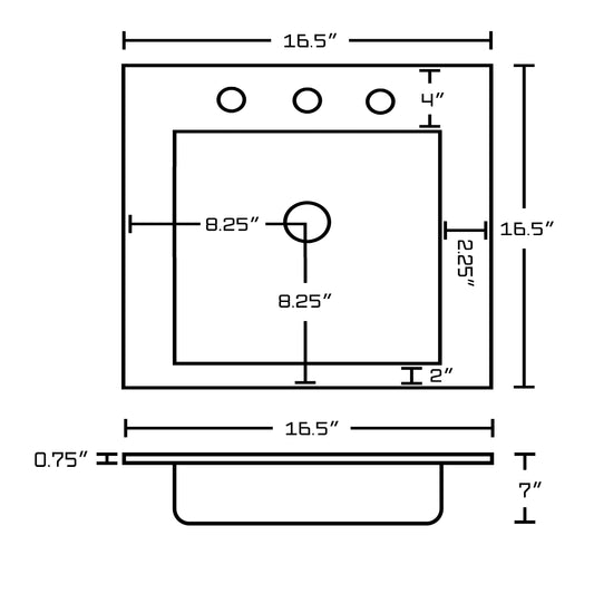 - THIS PRODUCT INCLUDE(S): 1x ceramic top in white color, 1x bathroom sink drain in chrome color, 1x bathroom sink faucet in chrome color. This product is a bundle (set of multiple products). This ceramic top set features a square shape with a transitional style. This product is made for drop in installation. DIY installation instructions are included in the box. This ceramic top set is designed for a 3h8-in. faucet and the faucet drilling location is on the center. Comes with an overflow for safety. This ceramic top set features 1 sink. This ceramic top set is made with ceramic. The primary color of this product is white and it comes with chrome hardware. Smooth non-porous surface; prevents from discoloration and fading. Double fired and glazed for durability and stain resistance. 1.75-in. standard USA-Canada drain opening. Constructed with lead-free brass, ensuring strength and durability. Solid bulky brass feel (not cheap and light). 16.5-in. Width (left to right). 16.5-in. Depth (back to front). 7-in. Height (top to bottom). All dimensions are nominal. This product can usually be shipped out in 1 day. Quality control approved in Canada. Each box on your order is physically opened-up and inspected to make sure only the highest quality product is shipped. We take and store photos of every single quality audit of every single order we ship. You can see them when you track your order on our website.
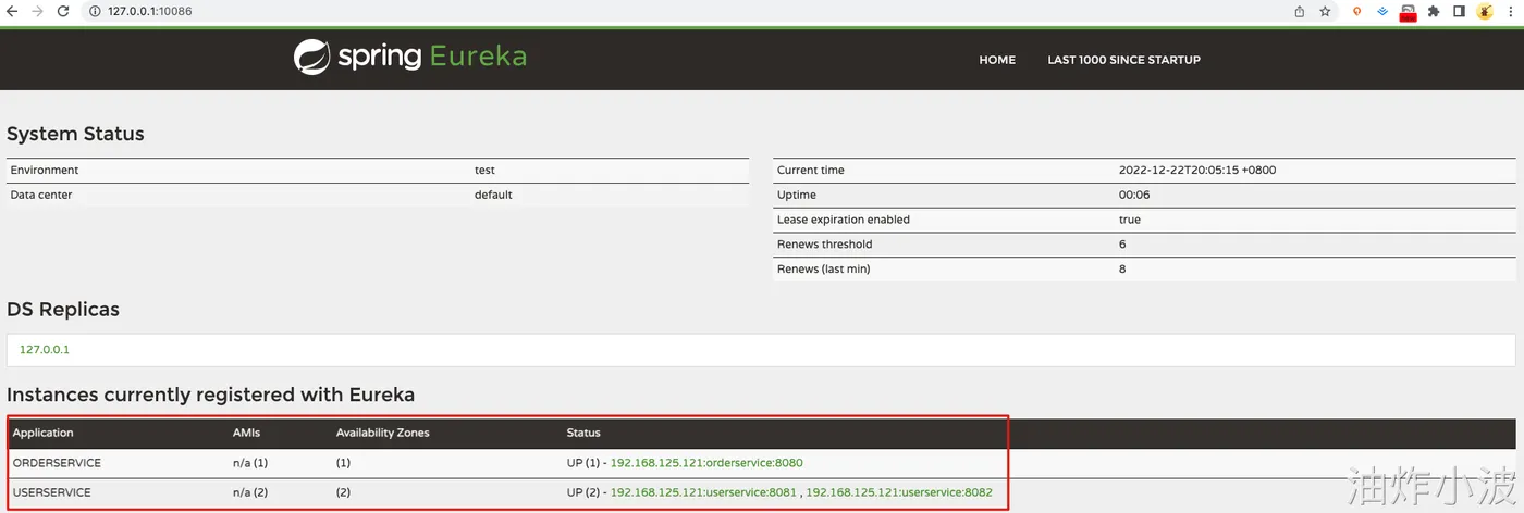 - 确保优先启动Eureka,而后启动user-service、order-service
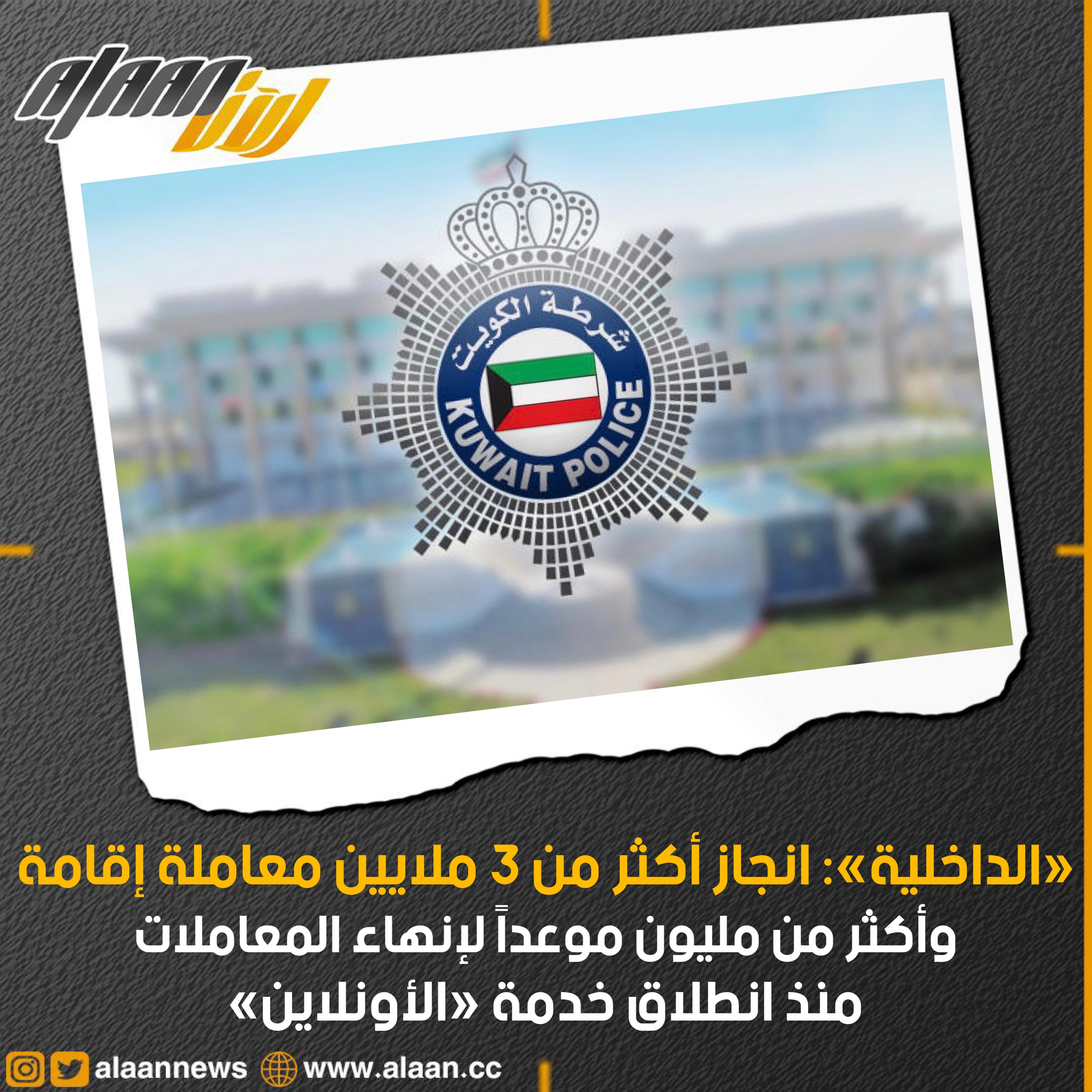 ذكرت الإدارة العامة للعلاقات والإعلام الأمني بوزارة الداخلية أنه نظراً للظروف الراهنة التي تمر بها البلاد في مواجهة انتشار فيروس كورونا وتطبيق الاشتراطات الصحية حرصا على صحة المواطنين والمقيمين، ووفق الجهود التي تبذلها المؤسسة الأمنية لتطوير قطاعاتها الخدمية، فأنها تواصل استقبال المراجعين الراغبين في إنهاء خدماتهم عن طريق «الأونلاين»، عبر موقع وزارة الداخلية الالكتروني «moi.gov.kw».
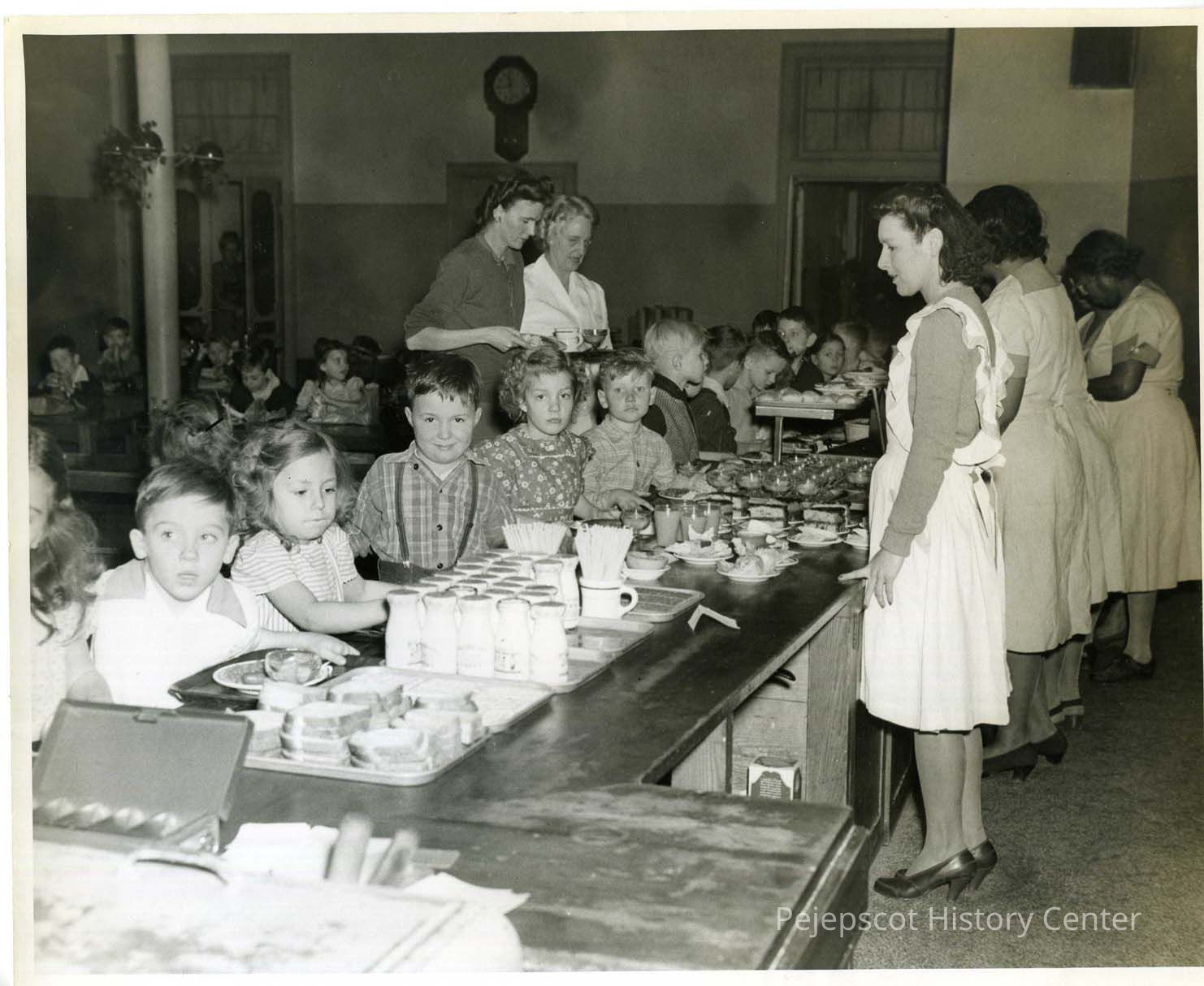 Children stand in line at the St. John's school cafeteria in the basement. This picture was taken in the 1960s and these children were members of BHS class of 1975-76. Undated
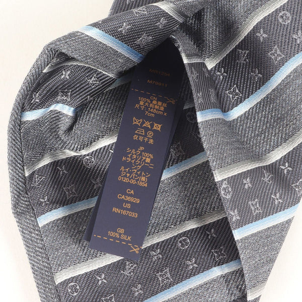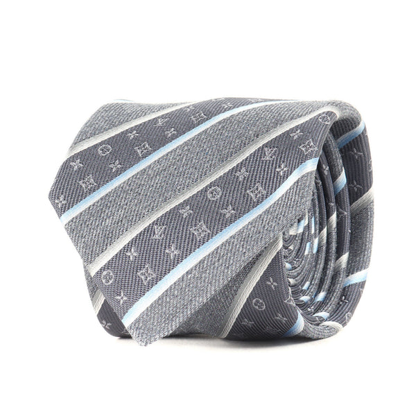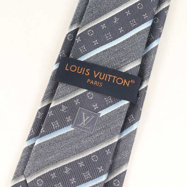 LOUIS VUITTON Regimental Monogram Silk Cravate Tie M79911 Gray 148cm x 7cm Men\'s K4613
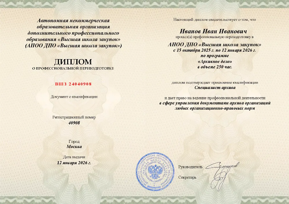 Программа профессиональной переподготовки (250 часов) для специалистов по архивному делу. Освойте правовые основы управления документами, технологии делопроизводства, оцифровку и организацию работы электронного архива с экспертизой ценности документов. Онлайн-обучение в в Липецке с итоговой аттестацией.
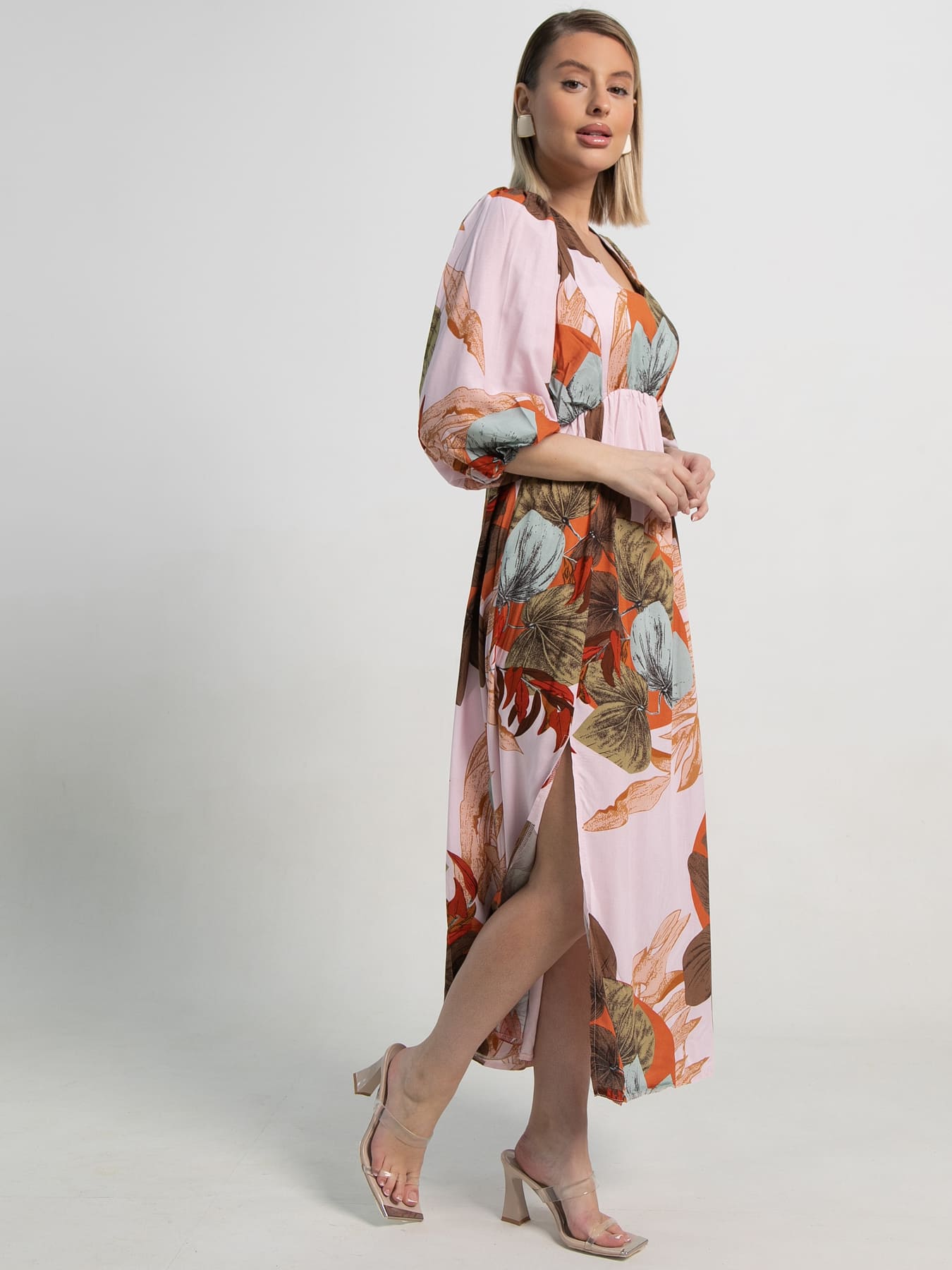 Лёгкое, воздушное, длинное летнее платье из штапеля — это то, что нужно для жаркой погоды! Оно не только удобное, но и красивое: яркий принт поднимет настроение и подчеркнёт вашу женственность. Оно отлично подходит для отдыха и прогулок, а также для города. Сочетайте его с разной обувью: туфлями, босоножками или кедами — и создавайте множество стильных образов! Платье имеет резинку под грудью, рукав 3/4 на резинке и длинный разрез по ноге.

**PROBLEM:** Starting at the line with "- 确保优先启动Eureka" and finishing at the line with "LOUIS VUITTON Regimental", copy the material above exactly, both lines included. Nothing else goes in, and no pictures.

**ANSWER TO THIS PROBLEM:**
 - 确保优先启动Eureka,而后启动user-service、order-service
 ذكرت الإدارة العامة للعلاقات والإعلام الأمني بوزارة الداخلية أنه نظراً للظروف الراهنة التي تمر بها البلاد في مواجهة انتشار فيروس كورونا وتطبيق الاشتراطات الصحية حرصا على صحة المواطنين والمقيمين، ووفق الجهود التي تبذلها المؤسسة الأمنية لتطوير قطاعاتها الخدمية، فأنها تواصل استقبال المراجعين الراغبين في إنهاء خدماتهم عن طريق «الأونلاين»، عبر موقع وزارة الداخلية الالكتروني «moi.gov.kw».
 Children stand in line at the St. John's school cafeteria in the basement. This picture was taken in the 1960s and these children were members of BHS class of 1975-76. Undated
 LOUIS VUITTON Regimental Monogram Silk Cravate Tie M79911 Gray 148cm x 7cm Men\'s K4613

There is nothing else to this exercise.